I am using OBIEE 12c for BI Analytics. The LDAP authentication is set up in WebLogic by creating MSAD_Provider.
Security Realm -> myrealm -> Providers -> MSAD_Provider
Under Configuration -> Common, I set:
Control Flag = SUFFICIENT
Under Configuration -> Provider Specific, here are the following settings:
Connection
Host: ldap1.domain.com ldap2.domain.com
Port: 389
Principal: AD user with admin/read access to users and groups information.
Credential: password for the Principal user specified above.
Users
User Base DN: OU where all users exist.
All Users Filter: (&(sAMAccountName=*)(objectclass=user))
User From Name Filter: (&(sAMAccountName=%u)(objectclass=user))
User Search Scope: subtree
User Name Attribute: sAMAccountName
User Object class: user
Groups
Group Base DN: OU where all groups exist.
All Groups Filter: (&(CN=*)(objectclass=group))
Group From Name Filter: (&(CN=%g)(objectclass=group))

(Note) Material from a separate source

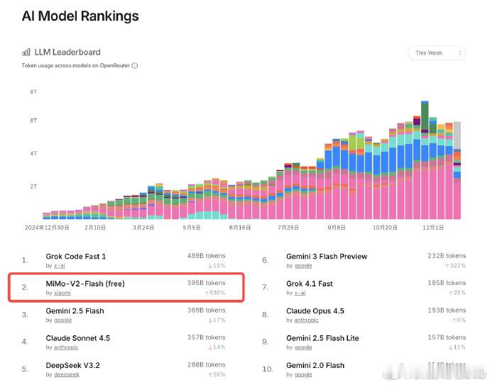 【MiMo 大模型实力强劲震惊海外开发者 】 国产大模型这波在海外直接杀疯!OpenRouter 最新周榜里,小米 MiMo-V2-Flash API 调用量飙到第二,还是国产大模型第一;Artificial Analysis 数据里,它更是冲进全球开源大模型第二。海外开发者都在夸:AI 分析碾过同价位对手,面向 Agent 时代的实用性不搞虚的,甚至被当成 Gemini3 Flash 平替 —— 关键这模型不仅效果能打,还免费又便宜!之前总说国产大模型出海难,现在小米这进步是真肉眼可见,全球关注都不输同期的 Gemini3 Flash,这波确实有点东西!海外开发者惊讶小米MiMo新模型表现

Group Search Scope: subtree
Group Membership Searching: unlimited
Max Group Membership Search Level: 10
General
Connect Timeout: 30
Connect Retry Limit: 1
Parallel Connect Delay: 0
Result Time Limit: 0
After saving and applying all the changes, it's time for me to test if LDAP server can fail over in case one of them fails to operate.
I understand the host on the left (ldap1) is always a primary server OBIEE will authenticate. If the primary server is down, OBIEE will authenticate the secondary server on the right (ldap2) instead. Unfortunately, when ldap1 is down and I log in OBIEE page with my AD user, it will keep forever loading with a white page. Interestingly, when ldap1 is still up and ldap2 is down, it also keeps loading with a white page. This is a weird situation how the secondary server being down while the primary server being up affects the authentication.
I would like to seek suggestions how to resolve this.